---------- Working data

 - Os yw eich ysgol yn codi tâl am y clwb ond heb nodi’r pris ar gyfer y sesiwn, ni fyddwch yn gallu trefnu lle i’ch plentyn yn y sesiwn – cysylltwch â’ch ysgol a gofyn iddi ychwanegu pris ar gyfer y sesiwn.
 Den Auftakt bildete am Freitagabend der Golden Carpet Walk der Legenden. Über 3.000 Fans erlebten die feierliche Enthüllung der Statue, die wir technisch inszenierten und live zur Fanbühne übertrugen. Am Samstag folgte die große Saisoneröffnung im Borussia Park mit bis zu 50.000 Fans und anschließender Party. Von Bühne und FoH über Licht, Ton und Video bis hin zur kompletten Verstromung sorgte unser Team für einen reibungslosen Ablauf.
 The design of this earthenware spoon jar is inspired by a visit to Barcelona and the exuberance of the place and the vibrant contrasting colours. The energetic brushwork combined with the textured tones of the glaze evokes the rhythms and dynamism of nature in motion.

--------------------
---------- Working data

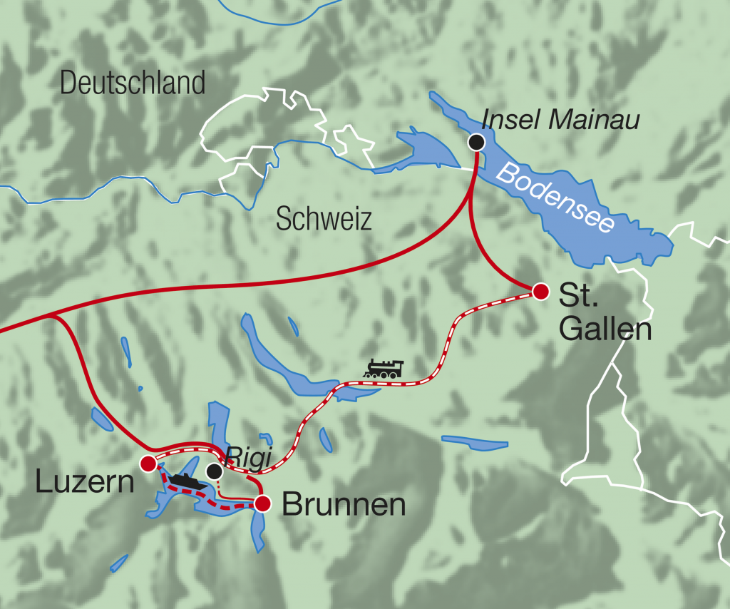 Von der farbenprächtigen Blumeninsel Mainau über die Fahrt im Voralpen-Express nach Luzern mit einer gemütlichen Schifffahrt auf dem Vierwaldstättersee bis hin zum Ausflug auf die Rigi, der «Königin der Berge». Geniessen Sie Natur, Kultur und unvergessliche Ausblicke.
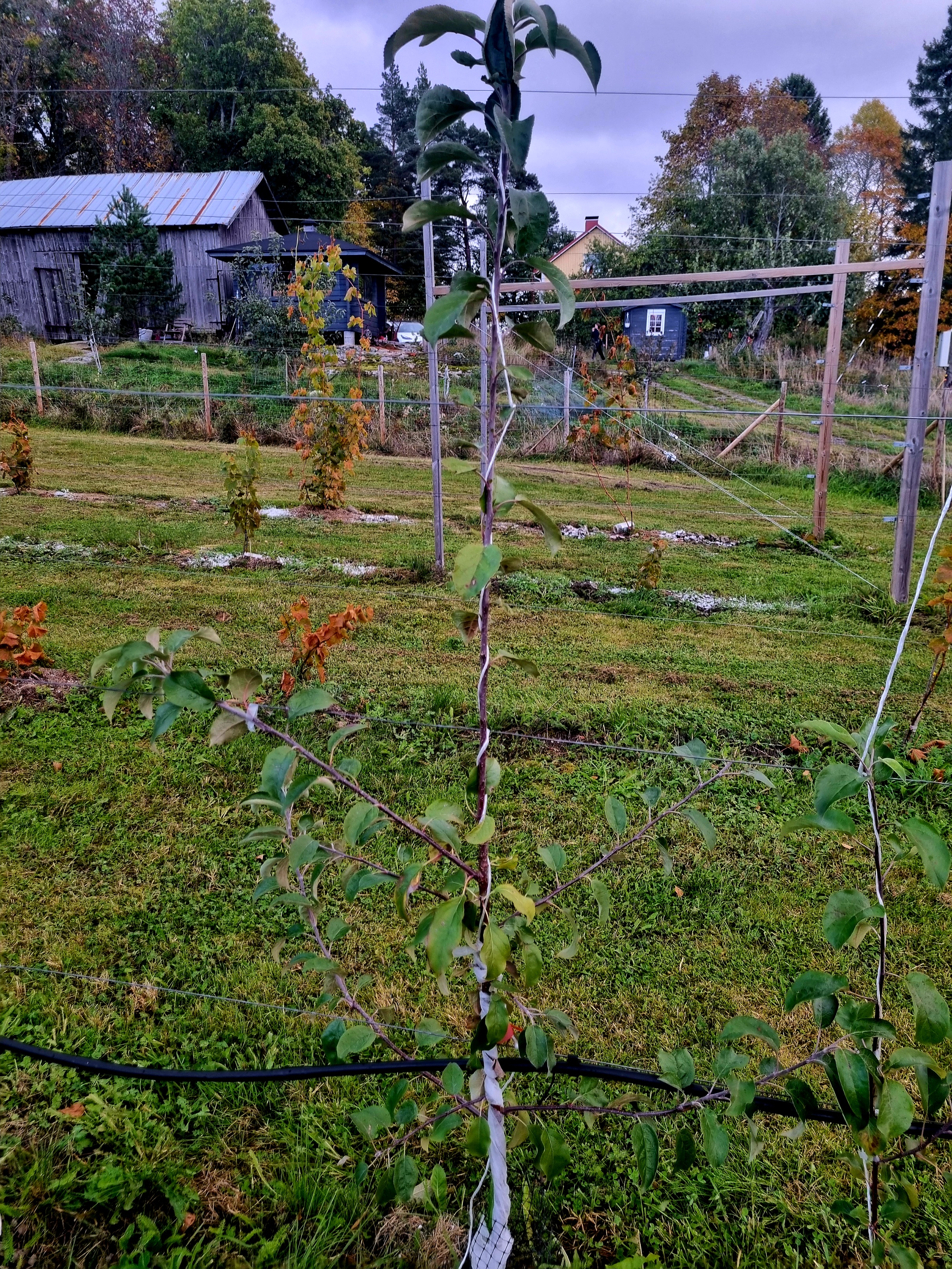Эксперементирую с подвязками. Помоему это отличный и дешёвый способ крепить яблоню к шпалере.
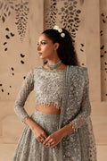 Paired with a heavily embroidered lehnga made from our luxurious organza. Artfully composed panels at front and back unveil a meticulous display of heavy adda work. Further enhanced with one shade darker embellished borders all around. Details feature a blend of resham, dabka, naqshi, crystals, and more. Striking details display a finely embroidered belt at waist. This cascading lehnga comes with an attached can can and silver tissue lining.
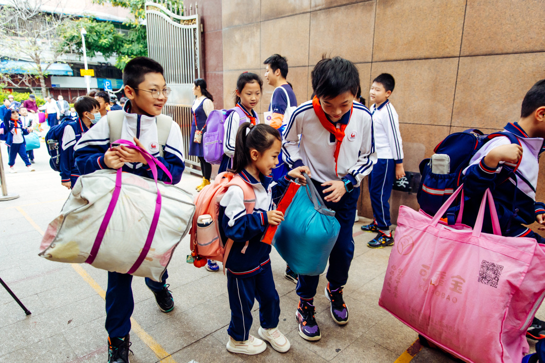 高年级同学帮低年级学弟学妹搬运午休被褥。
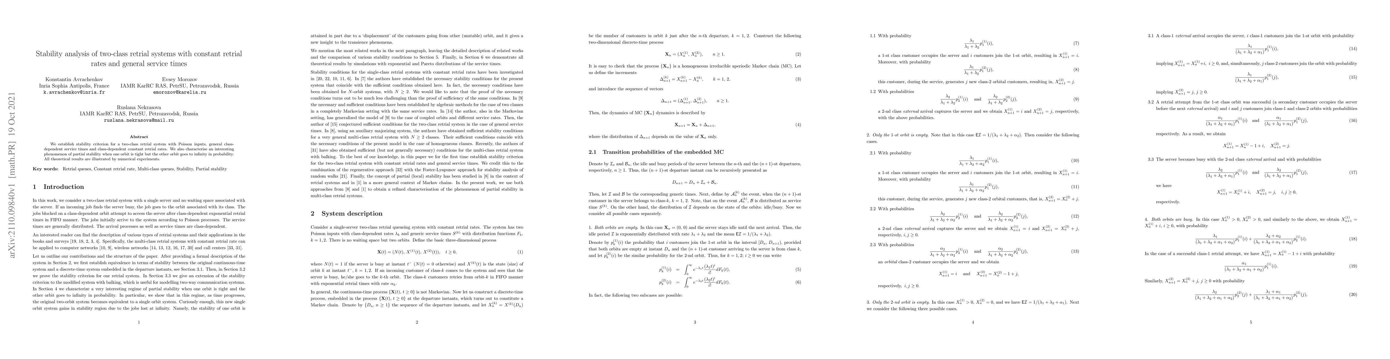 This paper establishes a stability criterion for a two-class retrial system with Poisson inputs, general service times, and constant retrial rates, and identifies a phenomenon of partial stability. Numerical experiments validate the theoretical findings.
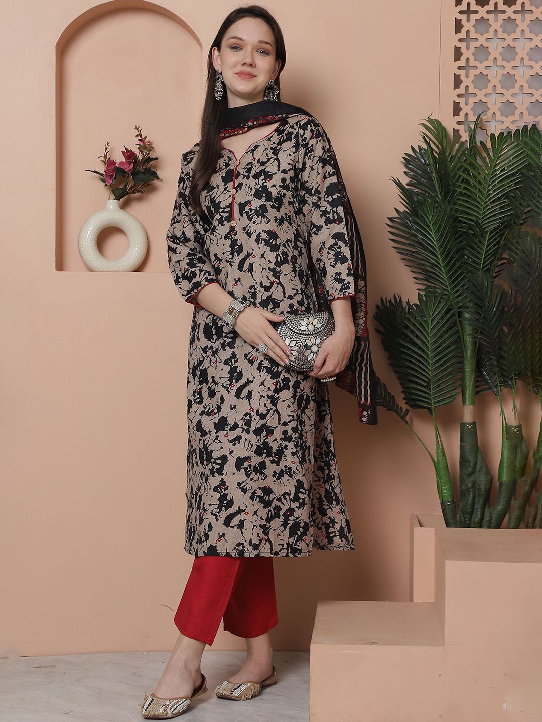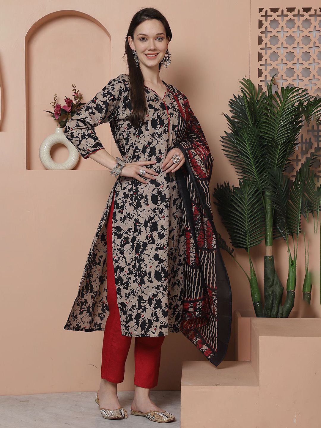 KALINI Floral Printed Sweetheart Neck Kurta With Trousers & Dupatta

--------------------

• [Task objective] From the line containing "Den Auftakt bildete" down to the line containing "The design of" in the material above, reproduce every line exactly, including the two end lines.

• [Answer section]
 Den Auftakt bildete am Freitagabend der Golden Carpet Walk der Legenden. Über 3.000 Fans erlebten die feierliche Enthüllung der Statue, die wir technisch inszenierten und live zur Fanbühne übertrugen. Am Samstag folgte die große Saisoneröffnung im Borussia Park mit bis zu 50.000 Fans und anschließender Party. Von Bühne und FoH über Licht, Ton und Video bis hin zur kompletten Verstromung sorgte unser Team für einen reibungslosen Ablauf.
 The design of this earthenware spoon jar is inspired by a visit to Barcelona and the exuberance of the place and the vibrant contrasting colours. The energetic brushwork combined with the textured tones of the glaze evokes the rhythms and dynamism of nature in motion.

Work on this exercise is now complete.